It’s that time of year when imprudent planting decision make themselves known. Labor Day already, can you believe it? At any rate, I’m editing heck out of the garden. Noting where plants have flopped, too little sun. Or plants are fried, too much sun. Also looking at the water sprouts on the apple tree, which seem to get away from us no matter what. The upright branches radically changed the amount of sun getting through to the Hot Bed. Thusly, I ordered a lightweight pole pruner; it seems manageable without me become a menace. Water sprouts beware.
The bananas have been on hyperdrive this year. I have several pods–all started from wee pups. Oooh, they are so big, and several have flowered and produced the tiniest little bananas. That’s a first around these parts, at least for me. I read the blooming stalks will die, and I’m super relieved.
I had to remind myself to look at what I do like, instead of just gazing at horror in at the overgrown challenging bits. Last fall we ripped out so much from the front garden. And then Covid this spring. So I didn’t do as much plant shopping as I’d anticipated. There was a big bare spot right in the middle. Happy to report, these self-seeded New Zealand Purple Castor Bean performed with vigor. Don’t you love that, when a volunteer that steps up and makes it perfect.
Big leaves make me so giddy, especially in contrast to finer foliage. Before gardening in earnest, Megan told me contrasting foliage size and color keeps the garden from looking messy. Well, in theory.
This section of the garden makes me happy too–along the south end of the backyard fence. Those Rhodocoma capensis are super swoon-worthy, and I love the backdrop of Canna musafolia–both red and green varieties–and Musa basjoo. Big sexy leaves with fine texture, again a winner.
Although this pesky pandemic is sincerely thwarting opportunity to commune with fellow gardening friends, I did manage a couple outings in the last few weeks–with mask and careful social distancing. But even in claustrophobic cloth, it was great to see garden, plant, and people.
I’d be remiss in not mentioning the demonstrations happening in Portland. Friends and relatives from around the country have written in alarm—to see if we’re okay. Yes we are, thank you very much. The majority downtown is calm and pretty—though largely deserted because of the Covid Pandemic. But rest assured, Portland is far from a burned out cinder oft portrayed on the news.
An old hangout, Santa Fe Taqueria on NW 23rd.
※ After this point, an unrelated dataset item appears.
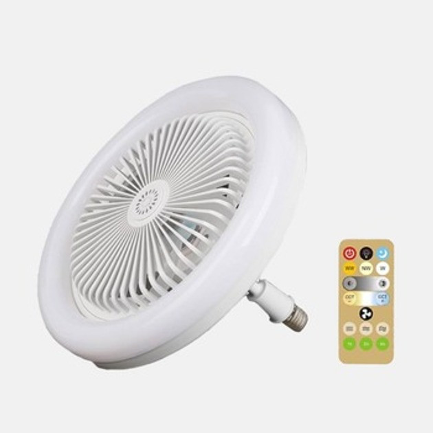 Підвісна світлодіодна лампа з вентилятором і пультом керування, 3 режими швидкості та освітлення, 20.5 Вт біла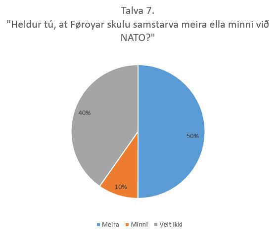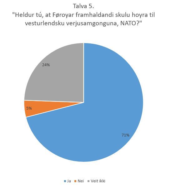 Kanningin vísir eisini, at ein stórur meiriluti av føroyingum (71 prosent) heldur, at Føroyar skulu hoyra til vesturlendsku verjusamgonguna, NATO. 59 prosent uppfata NATO sum ein positivan felagsskap, og helvtin heldur, at Føroyar áttu at samstarva meiri við NATO.

Our son, Elliot, lived a block from there for a year–and we’d meet him and Megan there for family Happy Hour. It’s only a few miles from where we live in Northeast Portland. We finally found a place where everyone knew our name: The Parents.
Alas, Elliot moved to Beaverton a year ago to be within walking distance of Nike.
But with Covid, turns out Elliot’s been working from home almost the whole time anyway. He’s moving back to the downtown soon–and then maybe we’ll try Happy Hour again, outdoors. It’s hard not getting together with your kids, grownups though they be.
A few more shots around Portland–which is decidedly not aflame.
We said hello to the artist working here. She was sweet and friendly–taking an opportunity to practice her art on a blank canvas.
Below is the currently shuttered Apple Store–with more incredible art.
We haven’t been to the Chinese Garden this summer, but I read they are open with reservations. I’m want to go to there.
I didn’t really say much about editing in the garden, other than it’s time to do it. But you know what I mean. Such strange times. It’s hard to stay on topic.
Hope you and yours are well, and that you are getting in lots of gardening–complete with your fair share of zealous editing.